DATASET CONTENT:
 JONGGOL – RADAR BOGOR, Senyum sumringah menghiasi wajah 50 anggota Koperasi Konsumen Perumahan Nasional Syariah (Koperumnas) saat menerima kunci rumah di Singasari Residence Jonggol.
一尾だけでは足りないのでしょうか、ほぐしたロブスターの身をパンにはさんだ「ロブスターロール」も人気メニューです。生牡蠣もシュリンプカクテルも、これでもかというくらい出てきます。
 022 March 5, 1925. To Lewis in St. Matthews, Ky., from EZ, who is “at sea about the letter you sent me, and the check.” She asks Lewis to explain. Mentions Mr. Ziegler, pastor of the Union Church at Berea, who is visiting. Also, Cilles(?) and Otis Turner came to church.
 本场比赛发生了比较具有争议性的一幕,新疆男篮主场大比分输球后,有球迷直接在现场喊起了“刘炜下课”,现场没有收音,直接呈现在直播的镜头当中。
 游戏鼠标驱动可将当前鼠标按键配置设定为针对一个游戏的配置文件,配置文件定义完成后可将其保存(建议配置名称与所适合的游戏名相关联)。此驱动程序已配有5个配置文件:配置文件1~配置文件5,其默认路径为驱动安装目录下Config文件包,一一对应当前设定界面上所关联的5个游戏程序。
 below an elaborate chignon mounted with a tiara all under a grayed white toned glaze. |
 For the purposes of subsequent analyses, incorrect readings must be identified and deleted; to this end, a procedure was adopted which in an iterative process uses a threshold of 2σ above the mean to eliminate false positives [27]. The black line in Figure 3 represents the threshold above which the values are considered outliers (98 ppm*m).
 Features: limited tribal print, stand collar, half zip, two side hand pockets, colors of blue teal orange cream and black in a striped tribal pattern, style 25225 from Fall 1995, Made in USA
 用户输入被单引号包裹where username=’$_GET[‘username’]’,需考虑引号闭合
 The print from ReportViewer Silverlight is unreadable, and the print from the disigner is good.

WHAT YOU HAVE TO DO:
Tally the lines of the listing in which the word "print" occurs, and state the total alone.

SOLUTION:
2